筆者の専門は電力工学ですが系統方面(送電〜変電〜配電)のため、パワエレについては疎い部分がいくつかありますので、その点ご承知おき願えれば幸いです。


さて、この製品ですが購入履歴が残ってました。これによると2017年の11月8日購入なので2年半ほど前になります。発売から2年以上経っているので、そろそろ新しいモデルが発売されているのかな?
そんなPowerCore Fusionですが重大な欠点があって、「普段は充電器として使って、旅行時だけコンセントから取り外して持ち運ぶ」といった利用方法が推奨されているものではない事です。設計上の時点で、あくまでコンセントは充電のため、24時間365日コンセントにぶっ刺すことは想定されていないのです。
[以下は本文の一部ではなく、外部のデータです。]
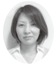
宮城県大阪事務所所長代理 (関西宮城県人会事務局長)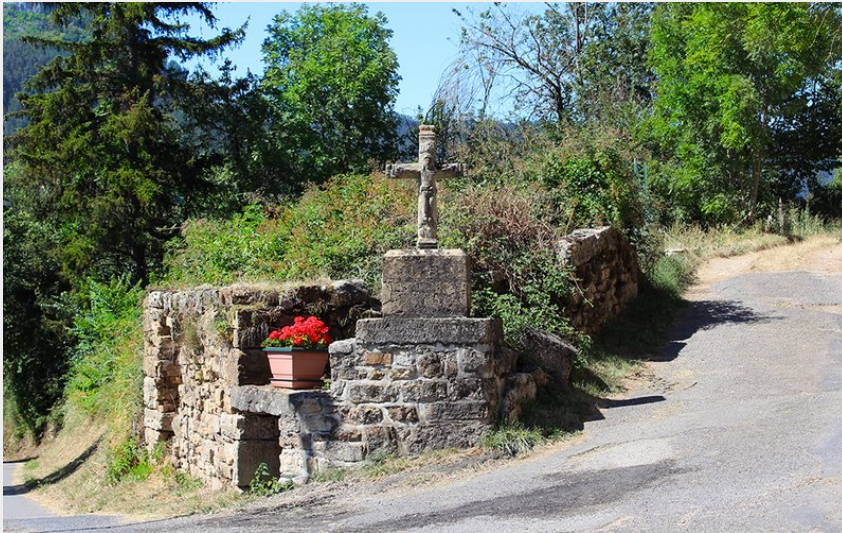
Croisement de chemins à Pelgeires

そのため2年で全くバッテリーが使えなくなってしまうという悲劇を起こすことになります。

外装の分解

分解する前に、一通りこの充電器のスペックを再確認しておきます。
銘版によると容量が5000mAh18.5Whとなっています。
またバッテリーの出力は5V3A、一般的なUSB充電器としては大きめの値です。PowerIQの影響でしょう。気になるのがcharger outputでは2.1Aしか出力できない点です。これはおそらくコンセントに接続しながら使うモードを指していると考えられますが、なぜバッテリー出力よりも低いのでしょう。これは2年でバッテリーがおしゃかになることと関係していそうです。ちなみにPSEも取得しています。

 

こちらが開封全景となっており、外装は2つに分割できてます。
また中には基板が1つ、電池とつながっており、またコンセントに接続するために金具や部品が見受けられます。とてもシンプルな形をしています。制御回路がメイン基板に垂直に設置されている光景は一般的なスイッチング電源でも比較的目にしますが、ここまでガッツリL字型に基板が組まれているものは初めて見ました。

 

このパッケージは超音波で溶接されておりなかなかこじ開けるのが難しかったです。
最終的にはマイナスドライバーを用いて、こじ開けながら分解しました。
近年はスペース拡大のために超音波溶接を使うことが多いですが、分解は権利なので、できれば爪で接合して欲しいものです。

 

また分解はコンセント側から行いました。
超音波で全体が溶接と言うこともありなかなかドライバーが入りません。
なんとかマイナスドライバーを二本使い、片方のドライバーで隙間を作りながらもう片方のドライバーでこじ開けるといった方法でなんとか殻を開けることができました。外装はボロボロです。

 

コンセント部分はシンプルに、プラスチックがバネとなっています。

 

内部回路

こちらが開封したときの回路の全景です。
一般的なスイッチング電源らしく中央にトランスが鎮座、入力側に電解コンデンサが見えます。出力側に大きな電解コンデンサが見えませんが、この点については後ほど考察します。FET等については表面実装(SOP-8)のため、表面から確認することは難しくなっております。
やはり当初の予想通り大きな充電池が1つその上に回路が入っておりましたが、充電器が大きいのでこの充電器自体もどうしても大きくなってしまうようです。

 

一般的な充電器スイッチング電源の回路とらしく、一次側と二次側に分離されてる様子が見て取れます。下部のLEDとスイッチはそれぞれ充電のインジケータとバッテリースイッチですね。

 

バッテリーはsinowatt製の5000mAhの充電池です。サイズとしては26650に当たり、単2電池の長さを1.5倍に引きのばしたような大きさです。

 

またバッテリー端子は、オーソドックスな溶接スポット溶接が行われていました。

 

出力端子部です。上のUSB-Aは左の基板に垂直に付いており、下のMicro-Bは下の基板に平行に付いているのがおもしろいところです。

 

また基板上のプリントには2016年5月18日と書かれています。この基盤が設計されたのがおそらくこの日付なので、出荷の1年前には、すでに設計が出来上がっていたと考えることができます。

回路分析

もう少し回路をじっくり眺めてみます。

こちらが基板を部品側からから見た図になります。
後にも説明しますが、改めて回路の二次側に電解コンデンサがほとんどないのが見てとれると思います。また一次側の方にも大きなFETはありません。これはFETが表面実装となっているためです。

 

また裏面をよく見てみると二次側から一次側へのフィードバック用素子が見当たりません。おそらくなのですがこの回路は最初にバッテリーを充電し、そのバッテリーを経由してUSBへ出力しているものと考えられます。要は電圧の不平衡をすべてバッテリーが吸収しているということです。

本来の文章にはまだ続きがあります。